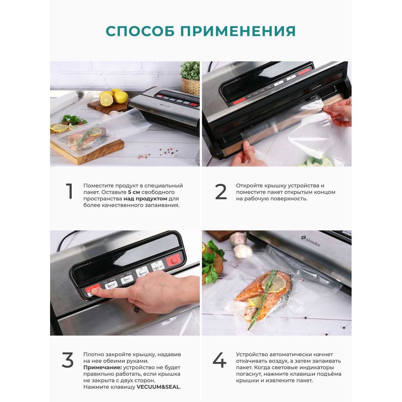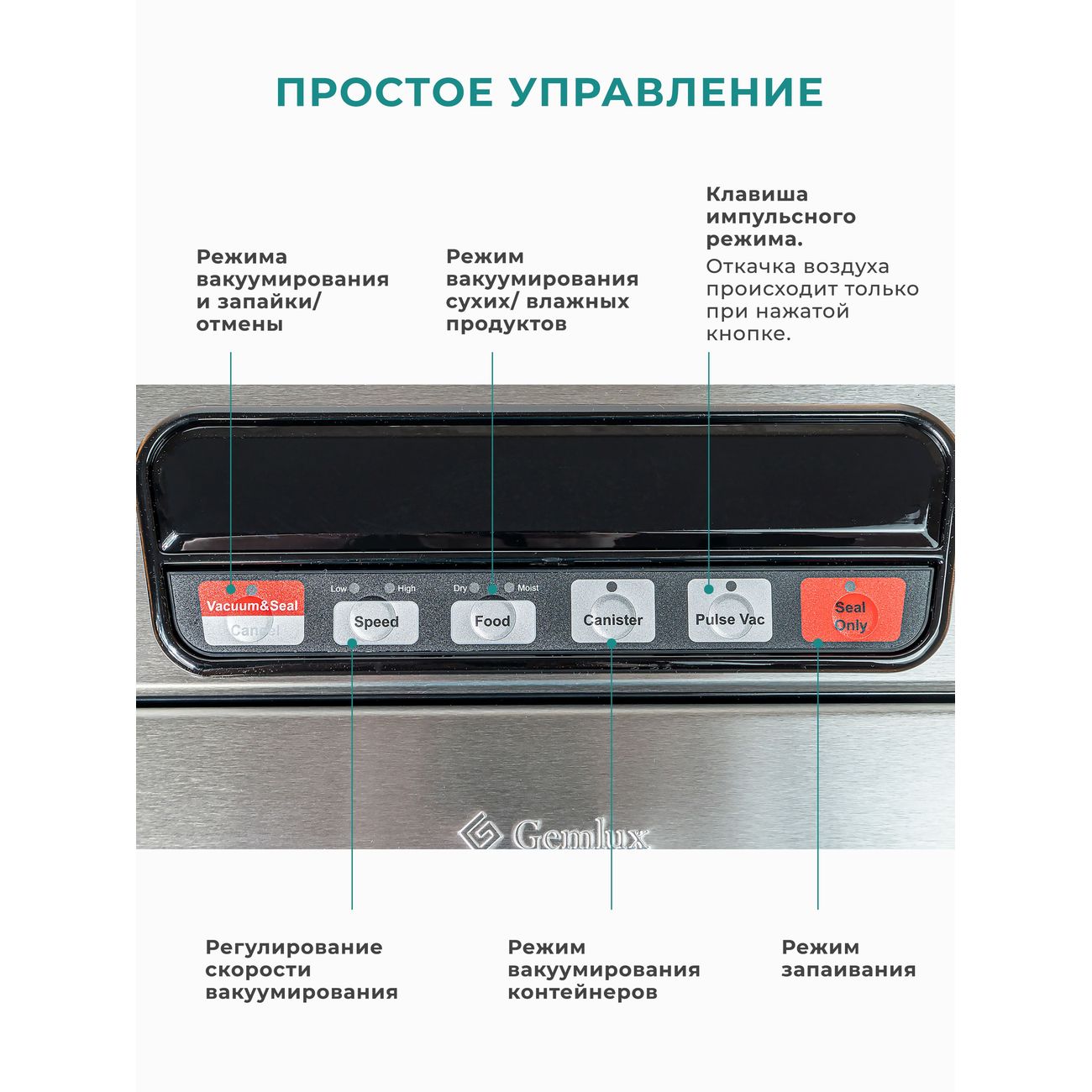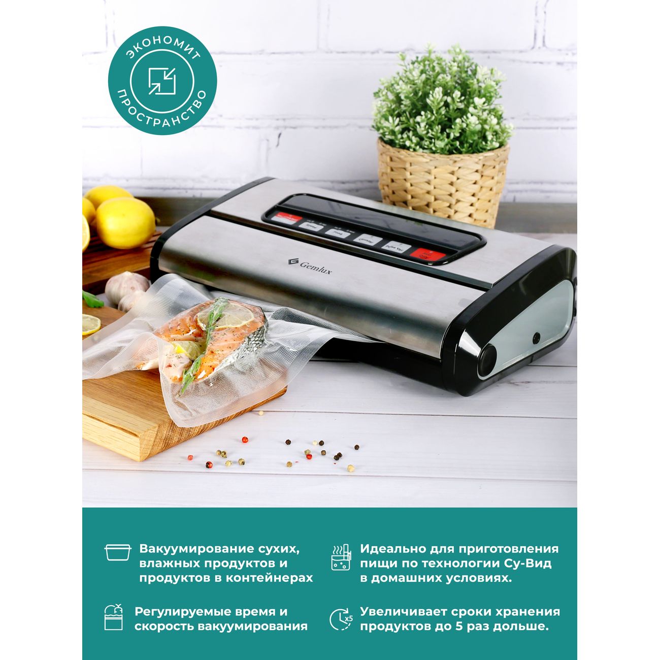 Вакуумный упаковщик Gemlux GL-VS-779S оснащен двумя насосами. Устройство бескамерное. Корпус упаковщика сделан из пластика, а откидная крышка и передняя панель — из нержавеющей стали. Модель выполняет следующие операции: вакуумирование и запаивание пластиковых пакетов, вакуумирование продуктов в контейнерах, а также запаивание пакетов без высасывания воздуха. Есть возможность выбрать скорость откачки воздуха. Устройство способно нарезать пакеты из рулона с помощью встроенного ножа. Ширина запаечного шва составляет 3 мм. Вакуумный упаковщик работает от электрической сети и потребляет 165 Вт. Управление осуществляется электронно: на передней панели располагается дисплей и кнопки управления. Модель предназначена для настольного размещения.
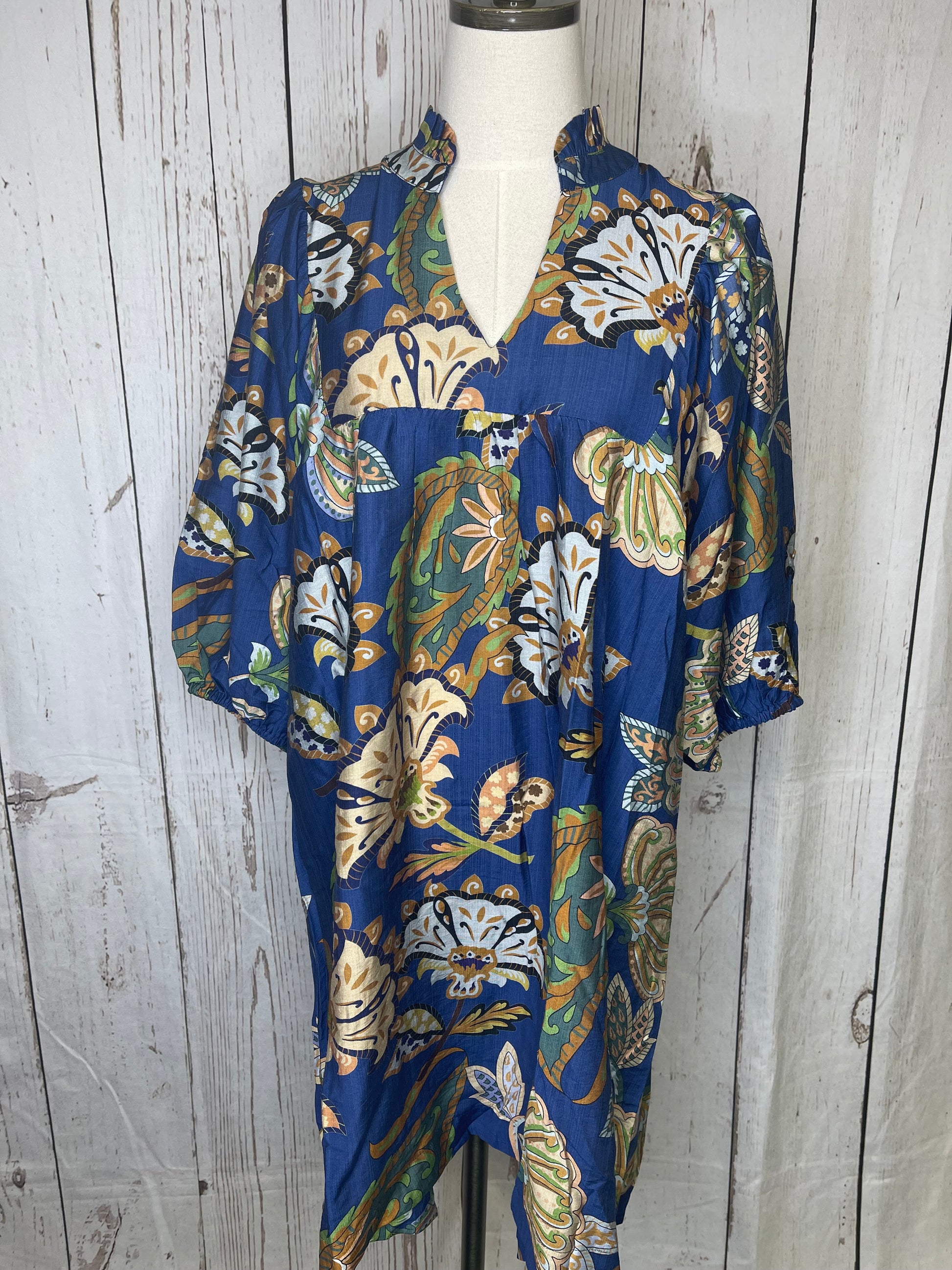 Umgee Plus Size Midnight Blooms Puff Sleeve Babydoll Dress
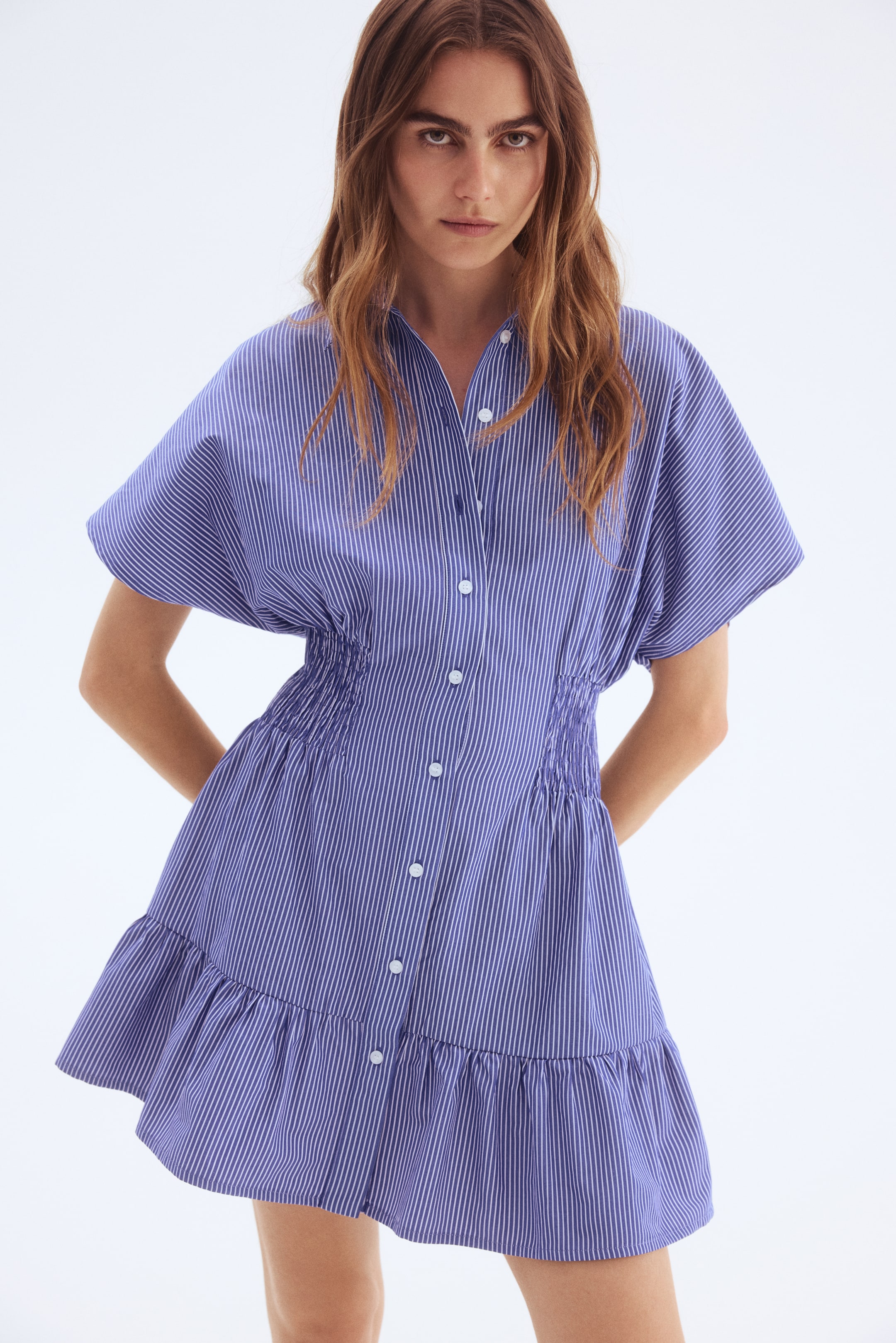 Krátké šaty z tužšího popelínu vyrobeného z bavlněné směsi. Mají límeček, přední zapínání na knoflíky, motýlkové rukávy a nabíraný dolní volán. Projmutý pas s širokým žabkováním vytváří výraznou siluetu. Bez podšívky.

• _WHAT THE EXERCISE ASKS_
In your reply, please print exactly the lines from the one with "Umgee Plus Size" through the final line of the listing above, both included, and no pictures.

• _YOUR RESPONSE_
 Umgee Plus Size Midnight Blooms Puff Sleeve Babydoll Dress
 Krátké šaty z tužšího popelínu vyrobeného z bavlněné směsi. Mají límeček, přední zapínání na knoflíky, motýlkové rukávy a nabíraný dolní volán. Projmutý pas s širokým žabkováním vytváří výraznou siluetu. Bez podšívky.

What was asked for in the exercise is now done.